The key to deeper introspection into the dynamic behavior of live systems for sub-second feedback is to shift the focus from solely examining incoming data streams to analyzing the combination of data streams and the data sources that generate them. This enables these streams to be viewed in a richer context and provide significantly more valuable insights. Gartner has used the term “digital twins” in its recent report “Top 10 Strategic Technology Trends for 2017” to refer to software-based representations of real-world entities, such as the above examples of patients or wind turbines. For example, consider a patient monitoring system receiving telemetry from a population with remote pacemakers. By creating a digital twin of each patient which tracks medical history, lifestyle, and current medications, the system can extract more information from this telemetry and filter unnecessary alerts. Likewise, modeling the specific characteristics and condition of a wind turbine helps streaming analytics interpret telemetry seeking to predict if a blade failure is imminent.
It is cumbersome and often inefficient to implement digital twins with traditional stream processing technologies because of their lack of an integrated, object-oriented storage model. However, IMDGs provide a highly effective platform for incorporating digital twins into streaming analytics. IMDGs combine object-oriented, in-memory data storage for hosting digital twins with fast data access and integrated computing to implement streaming updates and fine grained, sub-second analysis. These capabilities both simplify development and maximize performance by avoiding unnecessary data motion. Moreover, unlike Spark, IMDGs are designed to meet the stringent high availability requirements of live systems.
This talk explains how IMDGs can be used to provide a highly effective platform for building stream processing applications that incorporate digital twins. With code samples, it shows how a digital twin can be constructed and used to ingest and analyze incoming data streams to provide immediate feedback to a live system. This approach is compared other popular stream processing architectures, such as Spark and Apache Flink, which by their design make it difficult to implement a digital twin.
The talk also explores three specific advantages of IMDGs over other stream processing architectures: the ability to cleanly separate application-specific code from the grid’s orchestration layer using object-oriented techniques, the integration of in-memory data storage and computation to combine event ingestion with sub-second analysis, and increased performance and scalability resulting from the grid’s ability to minimize data motion. Examples in e-commerce and the Industrial Internet of Things are used to illustrate the importance of digital twins and these key advantages.

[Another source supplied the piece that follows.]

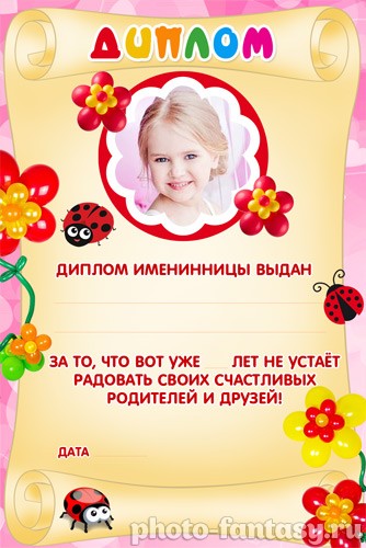 «Диплом именинницы», выполненный в ярких красочных тонах, с Божьими коровками для вставки одной фотографии очень понравится имениннице и удивит всех гостей. Добавьте онлайн на диплом фотографию и имя именинницы, и красочный диплом готов! Распечатайте диплом на цветном принтере или закажите печать у нас.

Dr. William L. Bain founded ScaleOut Software in 2003 to develop in-memory data grid and in-memory computing products. As CEO, he has led the creation of numerous innovations for integrating data-parallel computing with in-memory data storage. Bill holds a Ph.D. in electrical engineering from Rice University. Over a 38-year career focused on parallel computing, he has contributed to advancements at Bell Labs Research, Intel, and Microsoft, and holds several patents in computer architecture and distributed computing. Bill founded and ran three start-up companies prior to ScaleOut Software. The most recent, Valence Research, which developed and distributed Web load-balancing software, was acquired by Microsoft Corporation and is a key feature within the Windows Server operating system. As an investor and member of the screening committee for the Seattle-based Alliance of Angels, Bill is actively involved in entrepreneurship and the angel community.
Bill has presented at the prior three IMCS conferences in San Francisco.
Recent talks presented by Bill Bain:
• In-Memory Computing Summit Amsterdam 2017: Stream Processing with In Memory Data Grids: Creating the Digital Twin
• DEVintersection Spring 2017: Supercomputing with Microsoft’s Task Parallel Library
• In-Memory Computing Summit 2016: Implementing User-Defined Data Structures in In-Memory Data Grids
• Database Month New York April 2016: Using Memory-Based NoSQL Data Structures to Eliminate the Network Bottleneck
• IBM POWER8 ISV Testimonial 2015: POWER8 and ScaleOut Software: In-memory computing for operational intelligence
• In-Memory Computing Summit 2015: Implementing Operational Intelligence Using In-Memory, Data-Parallel Computing
• Database Month New York May 2015: Using In-Memory, Data-Parallel Computing for Operational Intelligence
• Big Data Spain 2014: Real Time Analytics with MapReduce And In-Memory
• Strata+Hadoop World 2014: Using Operational Intelligence to Track 10M Cable TV Viewers in Real Time
URLs of previous presentations:
• In-Memory Computing Summit Amsterdam 2017: https://imcsummit.org/eu/sessions/stream-processing-memory-data-grids-c…
• In-Memory Computing Summit 2016: https://imcsummit.org/2016/videos-and-slides/implementing-user-defined-… • Database Month New York April 2016: http://www.databasemonth.com/database/nosql-data, https://youtu.be/2KfiQPkuemM
• IBM POWER8 ISV Testimonial 2015: https://www.youtube.com/watch?v=7q5ERajssvs
• In-Memory Computing Summit 2015: http://www.slideshare.net/imcsummit/imcs2015-1-devimplementing-operatio…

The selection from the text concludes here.